Where Big Data Meets Cowboy Boots
A powerful, free web app developed by UM is revolutionizing how rangelands are managed
By Brianna Randall
To get deeper into the weeds — as well as the vital grasses and shrubs they replace — Brady Allred realized he needed to zoom out. All the way to space.
“To move the needle on rangeland conservation, I wanted to better understand what was happening on these landscapes — not just on one plot in the backyard, but across the whole continent,” says Allred, a rangeland ecologist and professor in the University’s W.A. Franke College of Forestry and Conservation.
Rangelands are places where wildlife or livestock graze on grasses and shrubs. Think rolling waves of grass and the vast sagebrush sea. These lands cover one-third of the United States, producing food, fiber and important ecosystem services. Unfortunately, they also are some of the most imperiled ecosystems on Earth.

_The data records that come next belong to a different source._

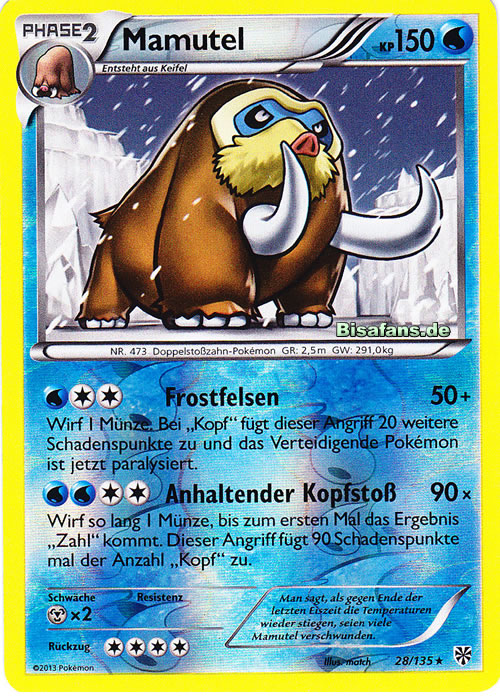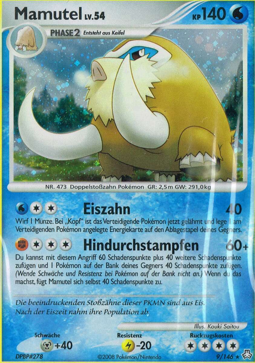 - DP Die beeindruckenden Stoßzähne dieser PKMN sind aus Eis. Nach der Eiszeit nahm ihre Population ab.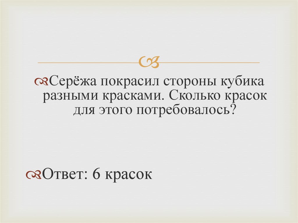 Серёжа покрасил стороны кубикаразными красками. Сколько красок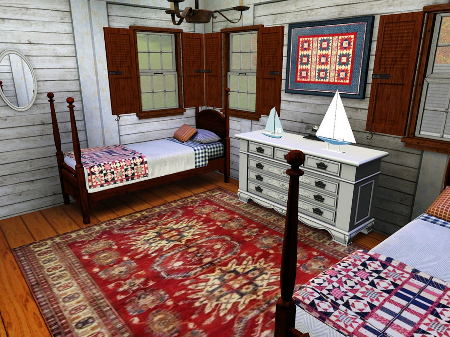 A Charming little New England Weekender thats so cosy your simmies will stay all week! Includes a detached garage and workshop or hobby room. 2 beds, 2 baths, laundry room and four fireplaces for those chilly New England winters! Created by Samusa06.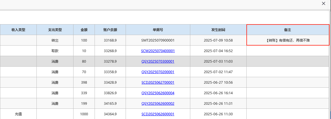 3.新增账户明细—备注,记录会员转账时的备注。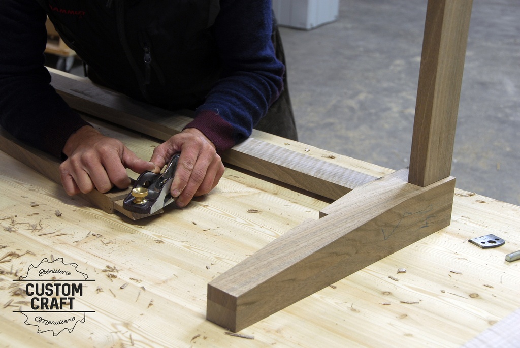 Fabrication d'un table en noyer avec plateau intermédiaire. assemblage par tenons mortaise et le plateau intermédiaire par des entailles
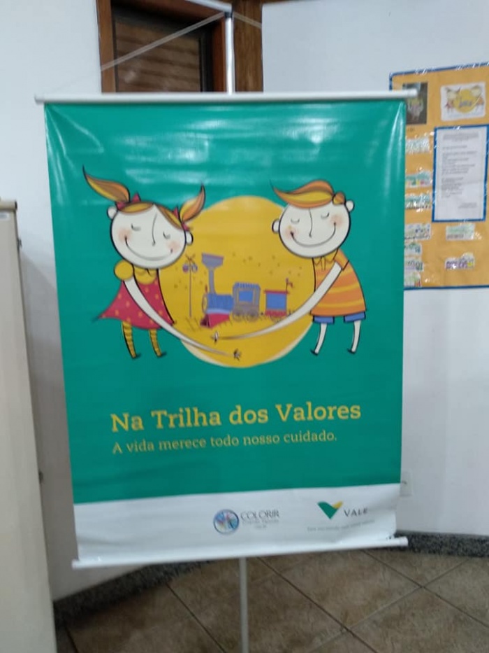 SEGURANÇA FERROVIÁRIA, CIDADANIA E MEIO AMBIENTE. PARCERIA: VALE X ESCOLAS INTEGRADAS E OSCIP COLORIR. Segurança ferroviária na sala de aula: Vale leva o tema para escolas de Serra e Cariacica. "Cada escola é contemplada pelo projeto por um período de três anos, obedecendo a três etapas distintas: aplicação, manutenção e autonomia. Na primeira, a equipe técnica do projeto apresenta conceitos sobre segurança ferroviária e realiza, junto com a escola, uma série de atividades envolvendo o tema. Já na fase de manutenção, essa mesma equipe estimula e apoia a escola a construir um projeto que contemple segurança ferroviária, cidadania e meio ambiente. A terceira etapa, por sua vez, é uma espécie de "adeus" por parte da empresa, onde a escola se torna protagonista das ações e passa a desenvolver o Na Trilha dos Valores sem o acompanhamento da equipe técnica".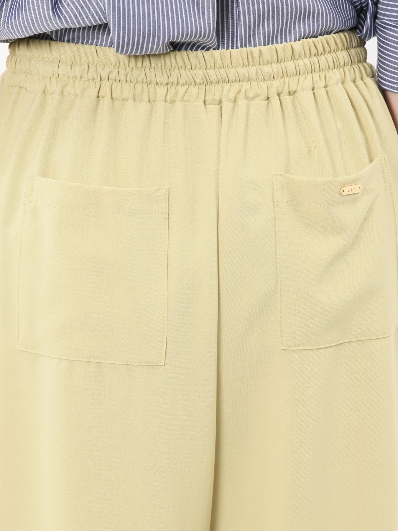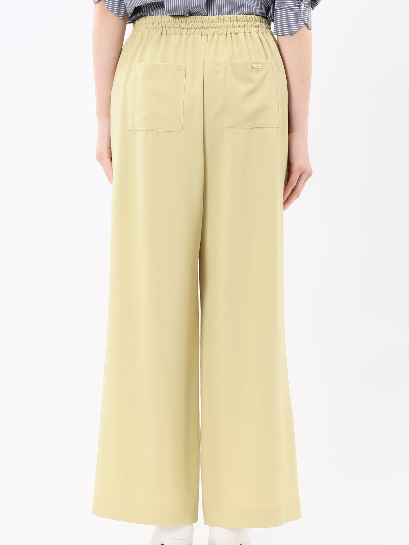 Эти брюки с широкими штанинами имеют одну складку для свободы движений в области талии. Сборка на поясе делает их удобными в ношении. Эти брюки имеют удобную конструкцию без молний и пуговиц, передние и задние карманы, а также обработанный низ. (Длина внутреннего шва M: 68 - L: 69, длина штанины в одну сторону)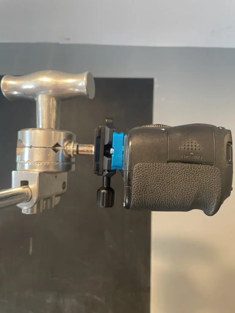 For overhead shots, we use this Impact C-stand and arm, and attach the camera base with a 1/4″ to 3/8″ screw adaptor.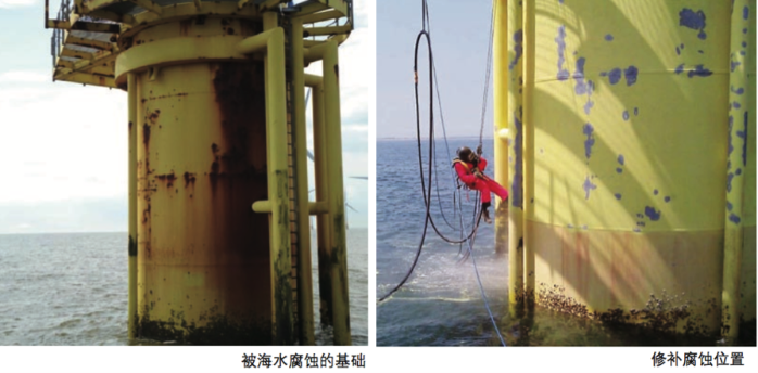 避免腐蝕的另一種常用方法是在鋼結(jié)構(gòu)表面施以由環(huán)氧樹(shù)脂構(gòu)成的防腐涂層來(lái)隔絕海水。目前,海上風(fēng)電的防腐常將這兩種方法結(jié)合起來(lái),在涂料中加入大量鋅粉或鋁粉,成為犧牲陽(yáng)極。一旦涂層的阻隔作用削弱,就用犧牲陽(yáng)極來(lái)保護(hù)。
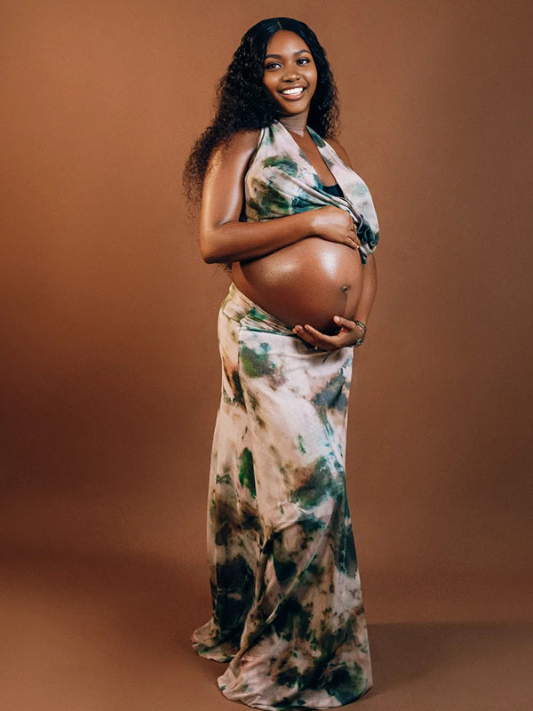 Momyknows Printed Ruched Crop Backless Two Piece Set Maternity Maxi Dress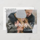 Winter Charcoal Grey Hand Lettered Script Save the Date Photo Card. The photo and text of this hand lettered brush script can be updated and customised with your photo and name. This card also displays your name on the back of the Save the Date Card.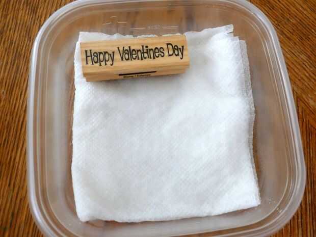 tengo una foto de la toalla de papel húmeda coloqué dentro de un recipiente de plástico. Esto es Cómo guardo mis sellos limpia, especialmente cuando se trabaja en varios proyectos. Junto a él, no se muestra en una foto es una toalla de papel seco, lista para secar el sello húmedo.

“Our goal is to conserve large, intact rangelands,” says Allred, gesturing at colorful maps splayed across his laptop in UM’s Interdisciplinary Science Building. “This is where our beef comes from, where carbon is stored, where wildlife lives. But to be successful, we first need to know what kind of vegetation grows where, how much and how it’s shifting.”
Allred teamed up with fellow UM researchers David Naugle, a wildlife biologist, and Matthew Jones, a remote sensing specialist, to create a revolutionary web app called the Rangeland Analysis Platform, which tracks vegetation and its production over time and space. Known as RAP, it pairs data from satellite imagery with thousands of on-the-ground field plots to show how plant communities have changed across the western half of the U.S.

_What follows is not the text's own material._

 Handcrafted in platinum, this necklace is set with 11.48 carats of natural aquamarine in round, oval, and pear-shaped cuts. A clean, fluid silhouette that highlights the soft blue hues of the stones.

Plants — especially native perennial grasses — provide the foundation for productive and profitable rangelands. But there hasn’t been an accurate and easy way to see how much grass is growing across large landscapes. Instead, landowners and resource managers had to leaf through 50-year-old resource surveys or laboriously cut, dry and weigh the plant material growing on a square meter of ground to get an estimate for a parcel of land. As for satellite imagery datasets or models that analyzed vegetation at broad scales, the information would normally come as enormous, unwieldy, often intractable files — ones that require special training to process.
Now, thanks to RAP, tracking plant growth across time and space is as simple as a few clicks of a mouse.
“We’re definitely not the first people to propose harnessing satellite data as a way to monitor vegetation,” Allred says. “We were simply able to serve it up in a way that makes it easy for everyone to use.”
Part of what makes RAP revolutionary is that it’s powered by Google Earth Engine, which lets anyone instantaneously visualize vegetation cover across the lower 48 states. The app gives an estimate of the percentage of annuals, perennials, shrubs, trees or bare ground. Data can be displayed and downloaded for a baseball-diamond-sized pasture or for the entire Great Plains — all in less than one minute.
Plus, app users can compare how plants have changed from year to year all the way back to 1984, when Landsat satellite imagery first began, or even month to month. This is handy for showing where unwanted trees are taking over prime prairie, where plows have removed native plants over the past decade or where invasive cheatgrass is increasing wildfire risk in the western U.S.’s Great Basin.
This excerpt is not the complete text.